Все это были однако мгновения — растянутые полнотой страсти мгновения — чародей, весь синий и багровый, вскинулся, глотая воздух, освобожденный хотенчик вильнул веревочным хвостом и лениво поплыл в бойницу, на волю, мимо дерганной кучи едулопов. Черная мгла пала перед глазами Золотинки, заслонив зрелище. Рухнул подобранный к потолку занавес — кто спустил его, Лжевидохин или Ананья? Золотинка оглянулась на топот сапог — через распахнутую дверь за спиной валила стража.
— Возьмите пигалика! — выпалил Ананья, взъерошенный, красный и бледный пятнами, побелела шишечка на носу. — Живо, ребята! Держите и проваливайте!
Золотинка сразу же отказалась от мысли воспользоваться сетью для сопротивления. Даже удесятерив силы, она не сумела бы одолеть десяток матерых бойцов, которые не усомнились бы пустить в ход мечи. Да и нужно ли было лезть на рожон, не понимая, что же все-таки произошло с Лжевидохиным — перерыв это или конец? И если перерыв, то какое ждать продолжение? Будет ли продолжение — обстоятельный, не суетливый разговор по всему кругу важных для слованского оборотня вопросов?
Хмурые кольчужники, бдительно приглядывая за узником, отвели Золотинку из одного подземелья в другое и здесь передали в руки кузнеца, который сковал пигалика цепью, а затем не менее споро и привычно, поплевав на ладони, заклепал другую цепь — она тянулась к заделанному в каменную стену кольцу. Десятник посветил факелом по темным углам убедиться, что не оставил узнику ничего, кроме тлена и праха, и удалился, с ожесточением прогремев запорами.

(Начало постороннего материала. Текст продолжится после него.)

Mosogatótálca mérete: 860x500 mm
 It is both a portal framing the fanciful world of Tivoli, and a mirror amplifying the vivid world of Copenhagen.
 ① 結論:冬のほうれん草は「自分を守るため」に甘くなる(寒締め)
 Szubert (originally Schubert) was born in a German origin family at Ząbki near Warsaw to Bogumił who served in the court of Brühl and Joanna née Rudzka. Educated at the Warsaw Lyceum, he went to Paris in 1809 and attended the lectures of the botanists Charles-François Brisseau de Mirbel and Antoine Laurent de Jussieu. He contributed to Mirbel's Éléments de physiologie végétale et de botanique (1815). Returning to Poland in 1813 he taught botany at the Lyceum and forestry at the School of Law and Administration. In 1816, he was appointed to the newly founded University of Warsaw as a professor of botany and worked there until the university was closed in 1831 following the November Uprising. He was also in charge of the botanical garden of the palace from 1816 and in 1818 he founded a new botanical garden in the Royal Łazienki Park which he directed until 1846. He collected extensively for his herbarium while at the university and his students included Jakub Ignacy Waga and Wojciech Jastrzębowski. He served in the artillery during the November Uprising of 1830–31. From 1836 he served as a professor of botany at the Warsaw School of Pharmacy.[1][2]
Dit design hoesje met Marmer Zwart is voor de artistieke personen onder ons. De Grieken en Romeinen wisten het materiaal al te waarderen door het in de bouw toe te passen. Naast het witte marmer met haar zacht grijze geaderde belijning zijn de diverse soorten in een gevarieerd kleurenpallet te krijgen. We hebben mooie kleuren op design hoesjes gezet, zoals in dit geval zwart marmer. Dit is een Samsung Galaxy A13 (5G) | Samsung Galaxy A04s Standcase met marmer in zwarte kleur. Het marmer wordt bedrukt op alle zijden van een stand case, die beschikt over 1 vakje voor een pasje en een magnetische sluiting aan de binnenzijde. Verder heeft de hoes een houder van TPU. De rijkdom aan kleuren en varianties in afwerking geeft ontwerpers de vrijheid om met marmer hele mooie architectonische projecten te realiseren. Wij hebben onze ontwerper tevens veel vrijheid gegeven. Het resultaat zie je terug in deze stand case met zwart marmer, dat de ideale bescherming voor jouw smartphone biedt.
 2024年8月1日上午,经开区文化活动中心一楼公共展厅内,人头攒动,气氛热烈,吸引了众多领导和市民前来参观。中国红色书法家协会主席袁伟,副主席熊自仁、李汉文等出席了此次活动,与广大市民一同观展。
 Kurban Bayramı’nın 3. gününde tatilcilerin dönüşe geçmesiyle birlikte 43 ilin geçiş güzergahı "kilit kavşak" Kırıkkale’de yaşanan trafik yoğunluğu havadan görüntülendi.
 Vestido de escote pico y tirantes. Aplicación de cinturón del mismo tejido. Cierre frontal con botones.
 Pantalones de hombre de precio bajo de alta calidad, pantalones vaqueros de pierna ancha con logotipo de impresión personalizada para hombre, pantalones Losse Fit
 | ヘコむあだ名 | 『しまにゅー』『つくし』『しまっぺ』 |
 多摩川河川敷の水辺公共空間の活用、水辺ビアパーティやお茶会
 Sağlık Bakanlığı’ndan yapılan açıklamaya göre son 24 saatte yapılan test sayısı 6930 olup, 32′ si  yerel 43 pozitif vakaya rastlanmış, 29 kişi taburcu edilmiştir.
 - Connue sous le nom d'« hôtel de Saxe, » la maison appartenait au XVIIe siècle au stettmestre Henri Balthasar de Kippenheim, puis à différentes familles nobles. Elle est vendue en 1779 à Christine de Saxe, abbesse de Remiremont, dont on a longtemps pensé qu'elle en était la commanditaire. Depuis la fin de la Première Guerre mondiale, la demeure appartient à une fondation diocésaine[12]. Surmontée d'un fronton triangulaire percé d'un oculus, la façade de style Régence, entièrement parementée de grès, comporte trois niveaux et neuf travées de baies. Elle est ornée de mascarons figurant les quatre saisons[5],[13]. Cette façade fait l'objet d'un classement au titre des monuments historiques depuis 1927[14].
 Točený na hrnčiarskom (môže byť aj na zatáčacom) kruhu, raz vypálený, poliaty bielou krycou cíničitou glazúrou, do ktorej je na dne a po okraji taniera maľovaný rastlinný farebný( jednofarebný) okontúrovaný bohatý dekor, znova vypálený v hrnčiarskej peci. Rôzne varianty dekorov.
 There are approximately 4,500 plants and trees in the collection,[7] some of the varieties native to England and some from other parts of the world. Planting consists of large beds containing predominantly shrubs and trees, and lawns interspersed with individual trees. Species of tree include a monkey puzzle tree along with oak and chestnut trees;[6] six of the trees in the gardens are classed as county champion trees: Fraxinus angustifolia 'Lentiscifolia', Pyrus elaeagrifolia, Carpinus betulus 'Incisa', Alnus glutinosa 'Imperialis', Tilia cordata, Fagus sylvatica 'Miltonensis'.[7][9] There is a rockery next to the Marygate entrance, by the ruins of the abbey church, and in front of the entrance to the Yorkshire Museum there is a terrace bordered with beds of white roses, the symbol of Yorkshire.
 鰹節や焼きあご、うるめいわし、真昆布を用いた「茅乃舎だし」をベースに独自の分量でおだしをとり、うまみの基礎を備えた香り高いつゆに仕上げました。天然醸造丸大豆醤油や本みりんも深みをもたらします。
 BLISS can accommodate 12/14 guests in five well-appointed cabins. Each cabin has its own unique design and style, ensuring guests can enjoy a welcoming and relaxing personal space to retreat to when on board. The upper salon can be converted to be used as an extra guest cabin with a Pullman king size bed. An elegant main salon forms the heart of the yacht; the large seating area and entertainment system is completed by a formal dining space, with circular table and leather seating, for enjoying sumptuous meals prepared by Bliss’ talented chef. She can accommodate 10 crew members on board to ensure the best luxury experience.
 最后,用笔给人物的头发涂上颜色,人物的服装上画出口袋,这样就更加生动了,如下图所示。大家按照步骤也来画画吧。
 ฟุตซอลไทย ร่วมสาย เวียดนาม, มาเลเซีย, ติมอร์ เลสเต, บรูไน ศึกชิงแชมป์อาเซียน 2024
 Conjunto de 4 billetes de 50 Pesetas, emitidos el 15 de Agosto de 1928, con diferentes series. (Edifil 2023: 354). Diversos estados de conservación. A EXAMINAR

Лишенная свободы в ином узилище — в верхних палатах Большого дворца — великая слованская государыня и великая княгиня Золотинка, когда бы была на месте пигалика, без труда распознала бы привычное несчастье Лжевидохина — смерть. Ничего удивительного, что распознала бы, она видала слованского оборотня и не в таких положениях! В другом состоянии духа уловила бы она и сумела бы оценить знаменательную заминку в государственных делах, которая, как водится, отмечала собой очередную смерть Лжевидохина.
Но нет, Зимка не видела, не догадывалась, не понимала — не ждала чуда. Подавленная ужасом, которому не было ни названия, ни понятия — в прошлом Зимки не имелось ничего такого, что могло бы подготовить ее к этой непомерной, стиснувшей грудь тяжести, — раздавленная и покалеченная, она ни на миг не могла отстранить от себя все разъедающую мысль, одну единственную, все поглотившую мысль. Что бы она ни делала, куда бы ни бежала взглядом, на чем бы ни пыталась сосредоточиться, всюду было то, чему нет и названия. Нечто настолько страшное, что отступало и воображение.
В повадках Зимки явилось нечто сонное; виноватые голоса девушек, которые с сугубой почтительностью беспрестанно с ней что-то делали: разоблачали, поворачивали, усаживали, ставили, мыли, протирали губками, умащали благовониями — эти голоса слышались, как во сне, да только Зимка никак не могла заснуть — ни заснуть не могла, ни проснуться, озноб прохватывал ее слишком явно и грубо, больно сжималось сердце, непреложно доказывая, что это не сон.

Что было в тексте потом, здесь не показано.